Government report on Freddie Mac filled with redactions.

Government report on Freddie Mac filled with redactions

A simmering debate on Capitol Hill over how to help more than six million Americans struggling to save their home from foreclosure took a strange twist Wednesday.
The inspector general charged with detecting "fraud, waste and abuse" in government-controlled mortgage giant Freddie Mac issued a performance audit that was compromised by heavy redactions in key sections.
Several of the report's 44 pages included blacked-out figures because of concerns over disclosing "confidential financial, proprietary business, and/or trade secret information," according to the explanation provided by the Federal Housing Finance Agency inspector general's office.
The redactions were made at the request of FHFA "and/or" Freddie Mac, according to the report.
FHFA was established in the wake of the financial collapse to oversee Freddie Mac and Fannie Mae, government-sponsored enterprises that were rescued out at a taxpayer cost of well over $100 billion.
The inspector general's report concluded that Freddie Mac alone could save taxpayers “significant” sums of money if it pressed the companies servicing its mortgages to modify more loans.

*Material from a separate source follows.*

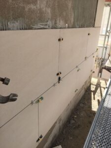 • Enfoscados maestreados de los baños en el edificio residencial de mataro

How much money could taxpayers save? That we don’t know because the OIG redacted the amounts.
For months, members of Congress have been pressing Fannie and Freddie to move more aggressively to modify loan terms to more affordable levels and write down the balances of underwater homeowners. The two enterprises own more than half of all U.S. residential mortgages.
More than 100 members of Congress have written to Edward DeMarco, acting director of FHFA, urging the agency to help underwater homeowners.
DeMarco has defended the refusal to write down loans on grounds that it would inflict large losses on taxpayers and that other forms of mortgage relief are just as effective. Some members of congress aren't buying it.
Reps. Elijah E. Cummings, D-Md., ranking minority member of the House Committee on Oversight and Government Reform and John F. Tierney, D-Mass., said in a letter to DeMarco last month that, according to a former Fannie Mae employee, a pilot program for principal reductions was cancelled because officials at Fannie were “philosophically opposed” to reducing principal.
Last month, California Attorney General Kamal Harris wrote DeMarco urging a halt to Fannie and Freddie foreclosures until FHFA conducts a “thorough, transparent analysis” of the costs and benefits of principal writedowns. In his response, DeMarco declined the request, saying he would "further delay foreclosures provided those borrowers have been given a meaningful opportunity to avail themselves of a loan modification or some other suitable foreclosure avoidance alternative."  
Here is the inspector general's full explanation for the redaction:
“This report includes redactions requested by the Federal Housing Finance Agency and/or the Federal Home Loan Mortgage Corporation (Freddie Mac). According to them, the redactions are intended to protect from disclosure material that they consider to be confidential financial, proprietary business, and/or trade secret information. They claim further that the redacted information would not ordinarily be publicly disclosed, and, if disclosed, could place (Freddie Mac) at a competitive disadvantage."
A spokeswoman for FHFA declined to comment further.